Fig. 16. Wellbore temperature versus time curve.

6. Conclusion (1) Similar to the wellbore flow in oil and gas production, the wellbore pressure and temperature gradually decrease from the bottom to the top of the well in the CO2 flowback process. The pressure varies linearly with the depth of the well, and the temperature changes nonlinearly. (2) Under small flow rate conditions, flow rate changes have little effect on wellbore pressure and have an impact on wellbore temperature. Under large flow rate conditions, flow rate has an effect on pressure and temperature. As the flow rate increases, the wellbore temperature is reduced, because the pressure is gradually reduced from the bottom to the top of the well. Due to the expansion of the CO2 fluid, the fluid absorbs heat, resulting in a decrease in temperature. (3) Larger tubing size can have larger heat transfer area. Thus, the influence on the temperature and pressure of the wellbore gradually becomes larger. The pressure and temperature of the small-sized tubing are lower than the pressure and temperature of the large-sized tubing. In the field application, the use of a small-sized tubing can significantly reduce the pressure and temperature of the wellbore. (4) The greater the formation pressure gradient is, the higher the overall temperature and pressure of the wellbore become, and the more the wellbore temperature curve deviates from the formation temperature curve.
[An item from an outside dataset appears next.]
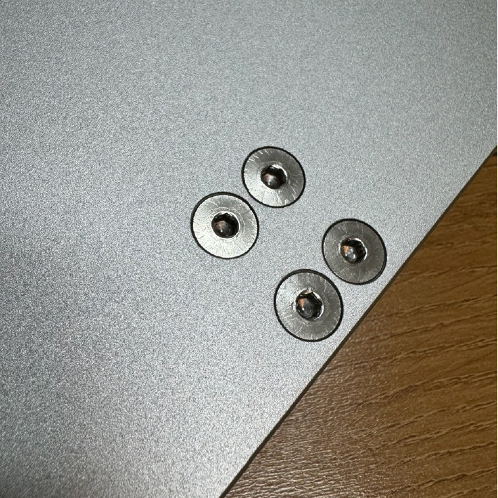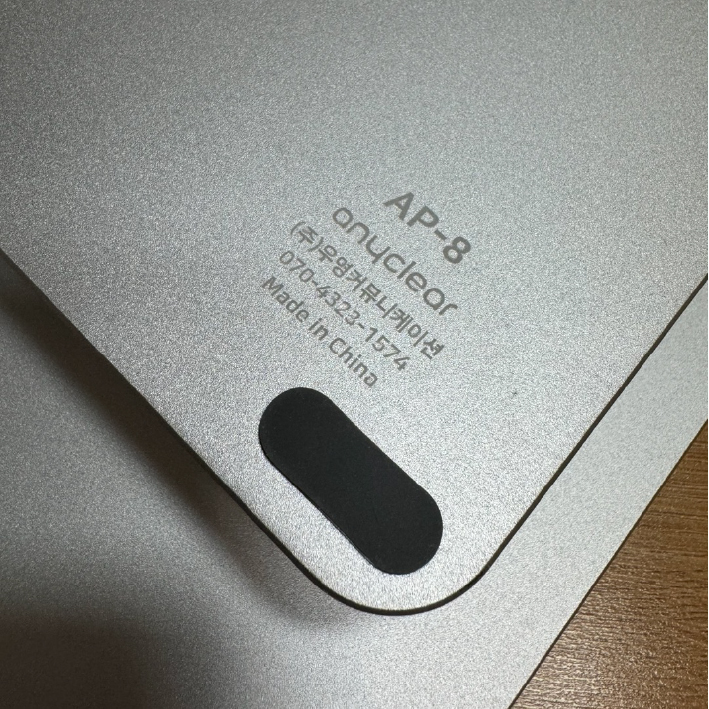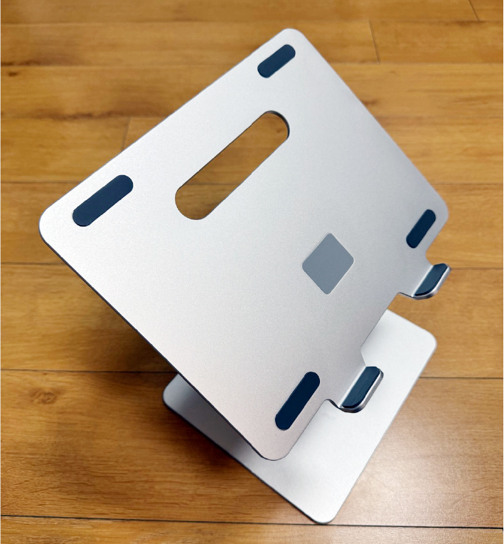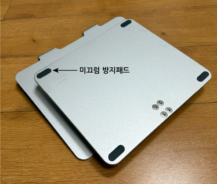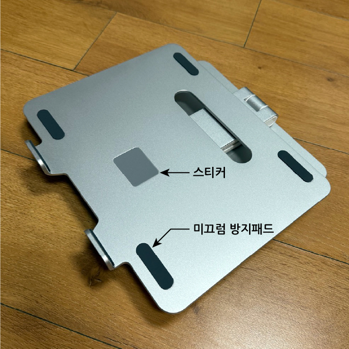 노트북이나 태블릿이 거치되는 부분엔 4개의 미끄럼 방지 패드가 부착되어 있다. 중간에 있는 사각 스티커는 안에 있는 나사를 가리기 위한 것이다.

The geothermal gradient will directly affect the wellbore temperature and further the pressure, due to changes in CO2 temperature, which will affect CO2 density, viscosity and other parameters. (5) The discharge time has almost no effect on the wellbore pressure, and has a slight influence on the wellbore temperature. As the discharge time increases, the wellbore temperature increases slightly. Conflict of interest The authors declare that there no conflicts of interest.